# Real-Time Foot Traffic Prediction using Spark Streaming + Kafka + Trained Random Forest Models

This script connects to a live Kafka stream (`mta_turnstile_topic`), extracts and parses NYC turnstile station data, and applies pre-trained Random Forest regression models to **predict ENTRIES and EXITS** for each station-hour-day combination in real-time.

Key components:
- **Kafka Stream Ingestion** (using `spark-sql-kafka`)
- **Timestamp Feature Extraction** (`hour`, `day_of_week`)
- **Batch Inference** using saved `PipelineModel`s from prior training
- **Streaming Output** printed using `joined_pred.show()` for debugging

This pipeline enables predictive monitoring of NYC subway foot traffic as data flows in.


In [2]:
# Stream Prediction Script (fixed to match ENTRY_COUNT/EXIT_COUNT training pipeline)
from pyspark.sql import SparkSession
from pyspark.sql.functions import split
from pyspark.ml import PipelineModel
from pyspark.sql.functions import to_timestamp, hour, date_format, col, concat_ws, expr

## Connect to Kafka Topic

In [4]:
# Start Spark session
spark = SparkSession.builder \
    .appName("MTA_Stream_Predict") \
    .config("spark.jars.packages", "org.apache.spark:spark-sql-kafka-0-10_2.12:3.5.0") \
    .getOrCreate()
spark.sparkContext.setLogLevel("WARN")

:: loading settings :: url = jar:file:/opt/anaconda3/lib/python3.11/site-packages/pyspark/jars/ivy-2.5.1.jar!/org/apache/ivy/core/settings/ivysettings.xml


Ivy Default Cache set to: /Users/gopalakrishnaabba/.ivy2/cache
The jars for the packages stored in: /Users/gopalakrishnaabba/.ivy2/jars
org.apache.spark#spark-sql-kafka-0-10_2.12 added as a dependency
:: resolving dependencies :: org.apache.spark#spark-submit-parent-ee8048d6-150a-4a5f-8f5f-98adca0711ac;1.0
	confs: [default]
	found org.apache.spark#spark-sql-kafka-0-10_2.12;3.5.0 in central
	found org.apache.spark#spark-token-provider-kafka-0-10_2.12;3.5.0 in central
	found org.apache.kafka#kafka-clients;3.4.1 in central
	found org.lz4#lz4-java;1.8.0 in central
	found org.xerial.snappy#snappy-java;1.1.10.3 in central
	found org.slf4j#slf4j-api;2.0.7 in central
	found org.apache.hadoop#hadoop-client-runtime;3.3.4 in central
	found org.apache.hadoop#hadoop-client-api;3.3.4 in central
	found commons-logging#commons-logging;1.1.3 in central
	found com.google.code.findbugs#jsr305;3.0.0 in central
	found org.apache.commons#commons-pool2;2.11.1 in central
:: resolution report :: resolve 379ms 

- Connects to Kafka broker at `localhost:9092`.
- Subscribes to the topic named `mta_turnstile_topic`.
- Reads only new messages (latest offset).

In [6]:
# Step 1: Read Kafka Stream
kafka_df = spark.readStream \
    .format("kafka") \
    .option("kafka.bootstrap.servers", "localhost:9092") \
    .option("subscribe", "mta_turnstile_topic") \
    .option("startingOffsets", "latest") \
    .load()

# Step 2: Parse Kafka value
turnstile_values = kafka_df.selectExpr("CAST(value AS STRING) as csv")
split_col = split(turnstile_values["csv"], ",")

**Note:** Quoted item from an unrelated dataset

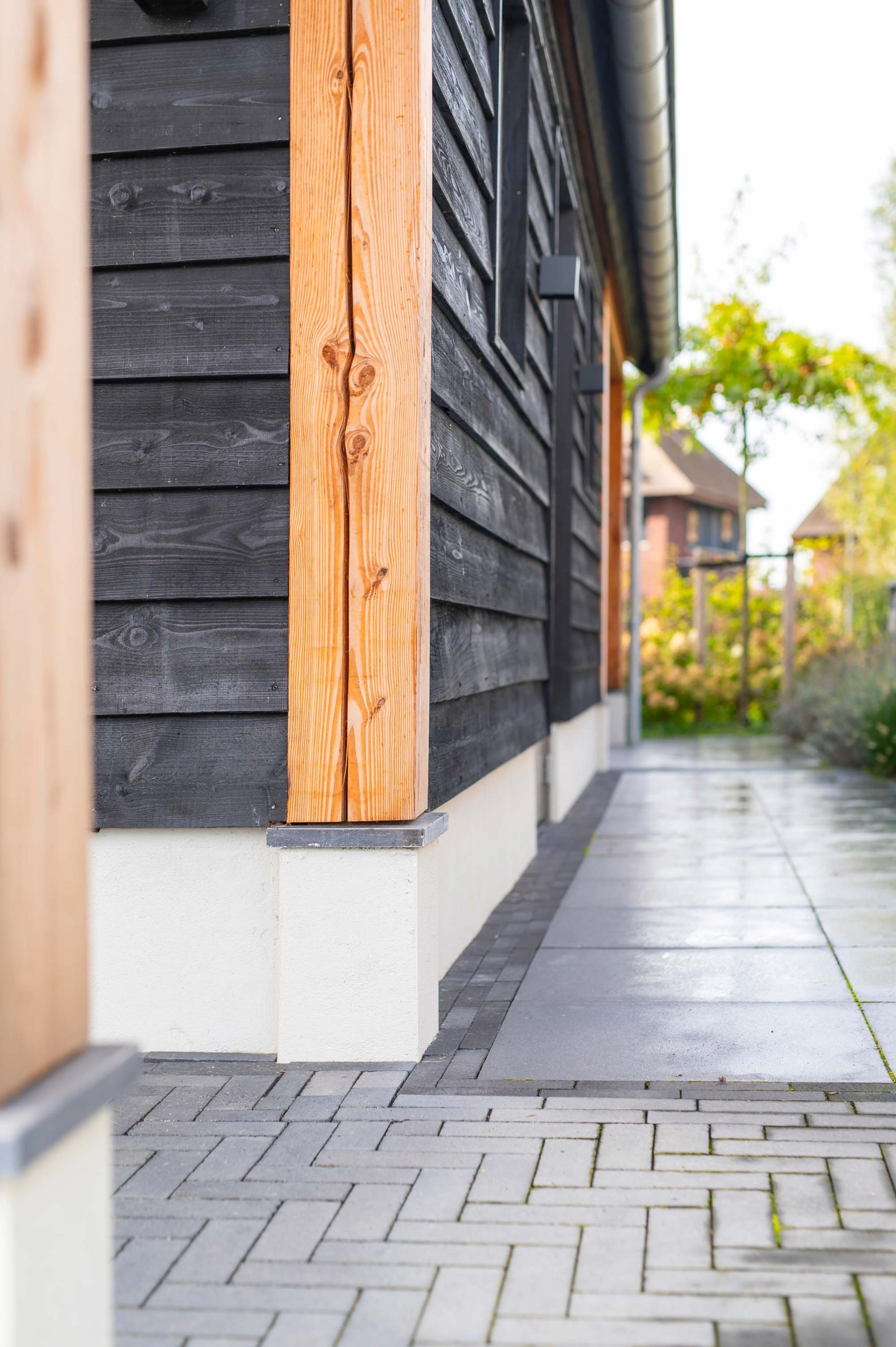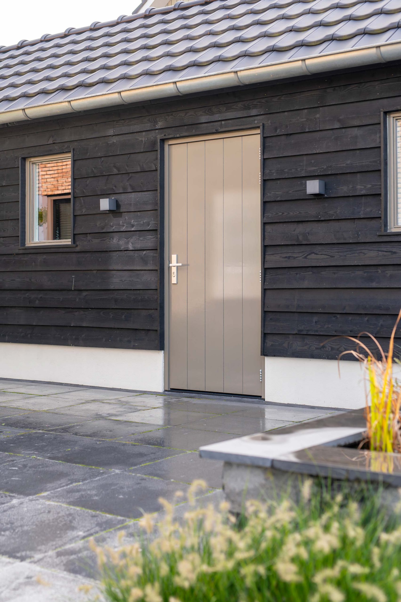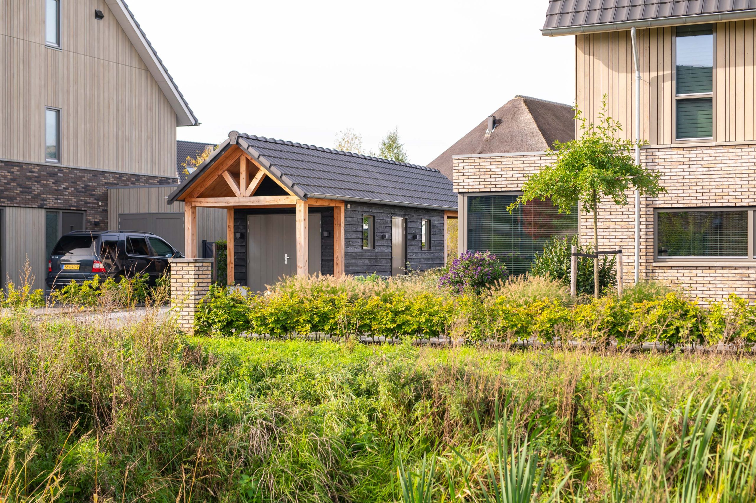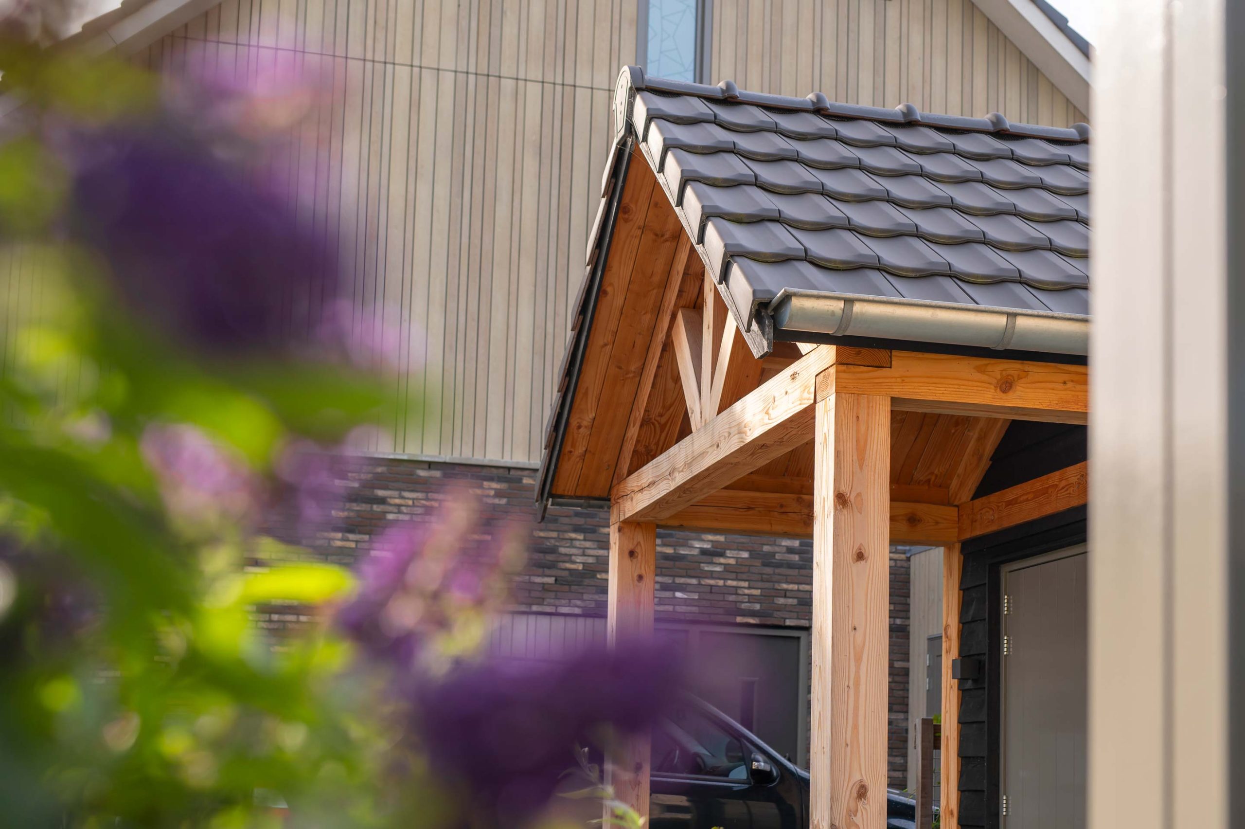 In Nijkerk mochten we aan de slag met een puntschuur en veranda. De ruime schuur heeft een robuuste look, dankzij het douglas hout en de betonnen vloer. Zo past deze goed in het totaalplaatje van het huis en de tuin. Aan de achterkant bevindt zich een veranda die wordt ingezet als loungeruimte. Hierdoor kunnen de bewoners genieten van hun tuin en tegelijkertijd droog of uit de zon zitten.

# Step 3: Extract relevant column (STATION only)



station_df = turnstile_values.select(
    split_col.getItem(3).alias("STATION"),
    split_col.getItem(6).alias("DATE"),
    split_col.getItem(7).alias("TIME")
).withColumn(
    "timestamp", to_timestamp(concat_ws(" ", col("DATE"), col("TIME")), "MM/dd/yyyy HH:mm:ss")
).withColumn(
    "hour", hour(col("timestamp"))
).withColumn(
    "day_of_week", expr("extract(DAYOFWEEK FROM timestamp)")
).select("STATION", "hour", "day_of_week").select(["STATION", "hour", "day_of_week"])



- Converts Kafka’s byte stream to strings.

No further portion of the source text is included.